Set down again exactly the lines of the listing below that fall between the line holding "在《拳皇98终极之战OL》中" and the line holding "慈濟志工此次認領的街道為五結", inclusive.

Working data |
##########

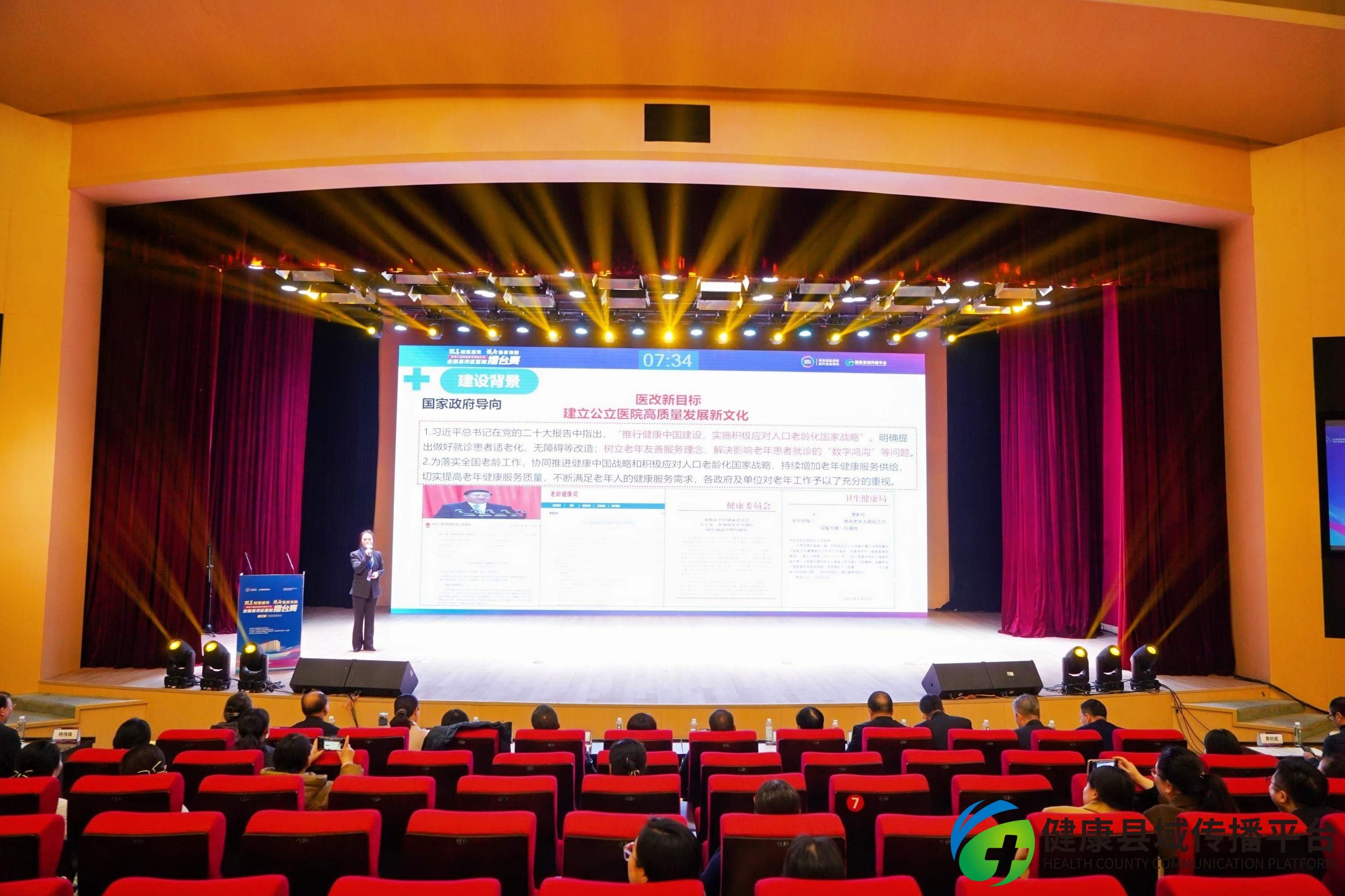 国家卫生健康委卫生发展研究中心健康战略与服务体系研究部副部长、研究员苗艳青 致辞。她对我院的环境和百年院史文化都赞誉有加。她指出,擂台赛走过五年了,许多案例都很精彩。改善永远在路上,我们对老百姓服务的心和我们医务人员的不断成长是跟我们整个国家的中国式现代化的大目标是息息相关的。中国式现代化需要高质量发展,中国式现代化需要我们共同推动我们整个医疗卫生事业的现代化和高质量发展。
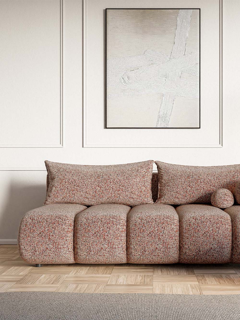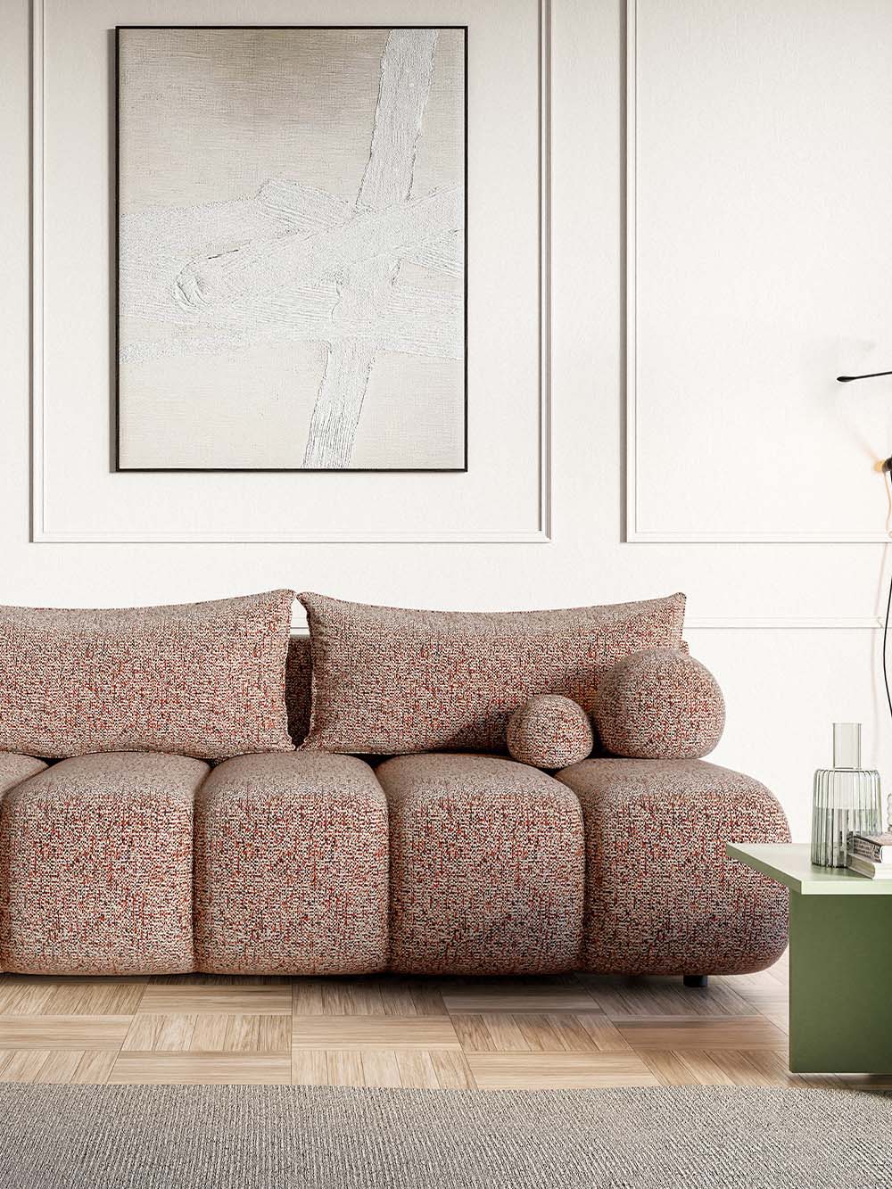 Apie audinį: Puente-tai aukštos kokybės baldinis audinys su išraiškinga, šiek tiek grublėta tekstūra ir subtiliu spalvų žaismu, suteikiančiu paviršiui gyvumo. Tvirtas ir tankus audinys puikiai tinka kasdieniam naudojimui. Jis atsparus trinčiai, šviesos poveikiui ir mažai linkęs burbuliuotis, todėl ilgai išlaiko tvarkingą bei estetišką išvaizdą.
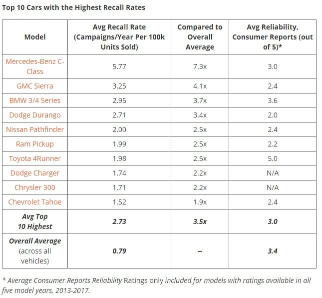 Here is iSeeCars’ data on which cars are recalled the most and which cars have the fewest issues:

##########

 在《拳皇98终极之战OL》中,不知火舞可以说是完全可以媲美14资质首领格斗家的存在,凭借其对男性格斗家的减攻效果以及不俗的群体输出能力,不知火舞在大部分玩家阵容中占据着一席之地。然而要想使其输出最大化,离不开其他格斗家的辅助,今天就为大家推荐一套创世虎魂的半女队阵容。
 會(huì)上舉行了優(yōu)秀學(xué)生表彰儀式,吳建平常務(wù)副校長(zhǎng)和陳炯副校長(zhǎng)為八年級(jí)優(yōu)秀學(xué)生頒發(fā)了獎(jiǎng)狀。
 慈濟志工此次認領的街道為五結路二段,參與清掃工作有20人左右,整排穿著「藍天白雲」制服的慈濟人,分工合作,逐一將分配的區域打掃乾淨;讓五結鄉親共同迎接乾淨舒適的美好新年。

##########

Problem solution |
 在《拳皇98终极之战OL》中,不知火舞可以说是完全可以媲美14资质首领格斗家的存在,凭借其对男性格斗家的减攻效果以及不俗的群体输出能力,不知火舞在大部分玩家阵容中占据着一席之地。然而要想使其输出最大化,离不开其他格斗家的辅助,今天就为大家推荐一套创世虎魂的半女队阵容。
 會(huì)上舉行了優(yōu)秀學(xué)生表彰儀式,吳建平常務(wù)副校長(zhǎng)和陳炯副校長(zhǎng)為八年級(jí)優(yōu)秀學(xué)生頒發(fā)了獎(jiǎng)狀。
 慈濟志工此次認領的街道為五結路二段,參與清掃工作有20人左右,整排穿著「藍天白雲」制服的慈濟人,分工合作,逐一將分配的區域打掃乾淨;讓五結鄉親共同迎接乾淨舒適的美好新年。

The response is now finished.